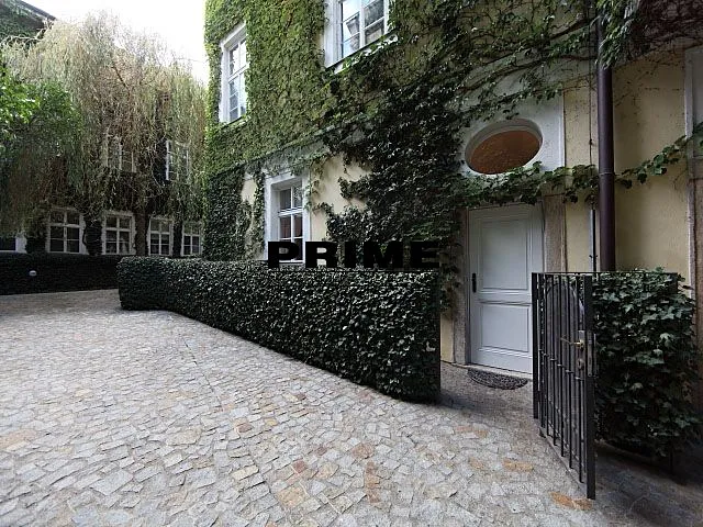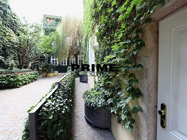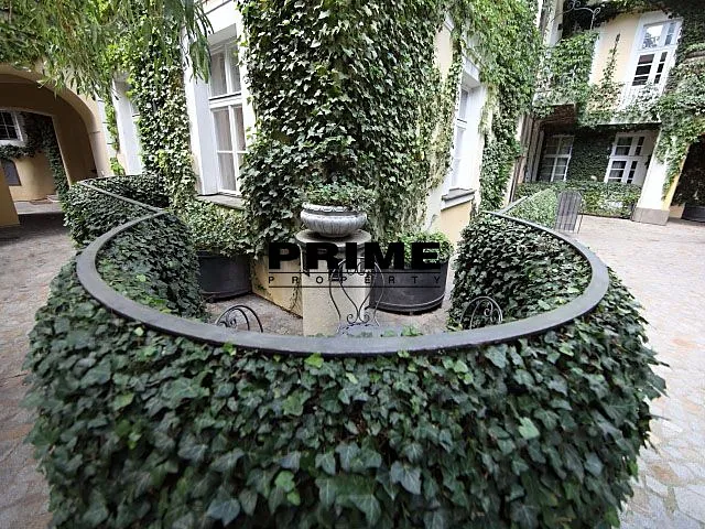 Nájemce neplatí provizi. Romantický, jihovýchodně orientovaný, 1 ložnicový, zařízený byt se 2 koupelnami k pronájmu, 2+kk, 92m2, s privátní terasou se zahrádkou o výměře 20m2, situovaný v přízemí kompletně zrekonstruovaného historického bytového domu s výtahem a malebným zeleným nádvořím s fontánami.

********

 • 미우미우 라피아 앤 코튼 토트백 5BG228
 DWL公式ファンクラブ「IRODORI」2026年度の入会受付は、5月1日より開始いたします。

********

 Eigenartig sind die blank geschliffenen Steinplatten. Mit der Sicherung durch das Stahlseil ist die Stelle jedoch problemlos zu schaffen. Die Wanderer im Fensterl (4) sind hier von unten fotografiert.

********

Using only the listing above, restate exactly the lines from the line containing "코튼 토트백 5BG228" through the line containing "DWL公式ファンクラブ「IR", both included.

 • 미우미우 라피아 앤 코튼 토트백 5BG228
 DWL公式ファンクラブ「IRODORI」2026年度の入会受付は、5月1日より開始いたします。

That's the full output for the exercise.